Lo que no puede hacerse con dos millones es fundar un Estado: al menos, no sin un coste inasumible y sin correr el riesgo de generar una frustración irrecuperable en ese mismo sector de la población que apoya la idea.

Lo sucedido en las últimas semanas es aleccionador. En el momento en que la declaración de independencia se ha corporeizado como una amenaza inmediata, se han producido los tres despertares de los que hablaba recientemente Lluís Bassets: el despertar de las fuerzas económicas, el de los estados europeos y el de los catalanes que quieren seguir en España.
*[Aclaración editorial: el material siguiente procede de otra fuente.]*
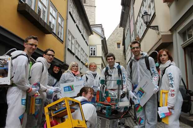 Primero nos fijamos en cómo montar unas correas de mochila sin dañar su Ultimaker y luego veremos en la electrónica que se necesita para alimentar autónomamente. Para que usted consiga motivación comenzamos con una ronda de fotos de EuroMold y FabCon donde usé esta configuración para atraer bastante atención:

Esos tres despertares han sido mucho más disuasorios que toda la acción represiva de la justicia española: ellos han mostrado hasta qué punto la quimera de la República catalana es hoy irrealizable en la práctica.

Si deseamos salir de este embrollo con bien, el Estado y las fuerzas políticas españolas tienen que asumir que dos millones de ciudadanos —que queremos sigan siendo españoles— son muchos y obligan, como mínimo, a una reflexión profunda y, a ser posible, compartida. Y el nacionalismo catalán debe asimilar que no existe en esa sociedad masa crítica de consenso suficiente para soportar un proyecto de ruptura como el que han querido precipitar.  

Tras ese inexcusable doble ejercicio de realismo, puede que las elecciones del día 21 sirvan para reiniciar el juego sobre nuevas bases, menos tóxicas que las del destructivo período anterior. El nacionalismo tiene que readaptar su estrategia a lo que es viable en este momento histórico y España tiene que esforzarse por ampliar el espacio de lo viable, sin que ninguna de las dos partes viva ese obligado reacomodo de sus pretensiones como una traición o una renuncia desgarradora.

Claro que también cabe la posibilidad de que el 22 de diciembre alguien decida reanudar la pelea en el mismo punto en que estaba el día de la catástrofe: República catalana a piñón fijo versus 155 para la eternidad. En ese caso, será imposible que esta generación de dirigentes políticos reciba el perdón por el destrozo incalculable —e irreparable— que están a punto de consumar.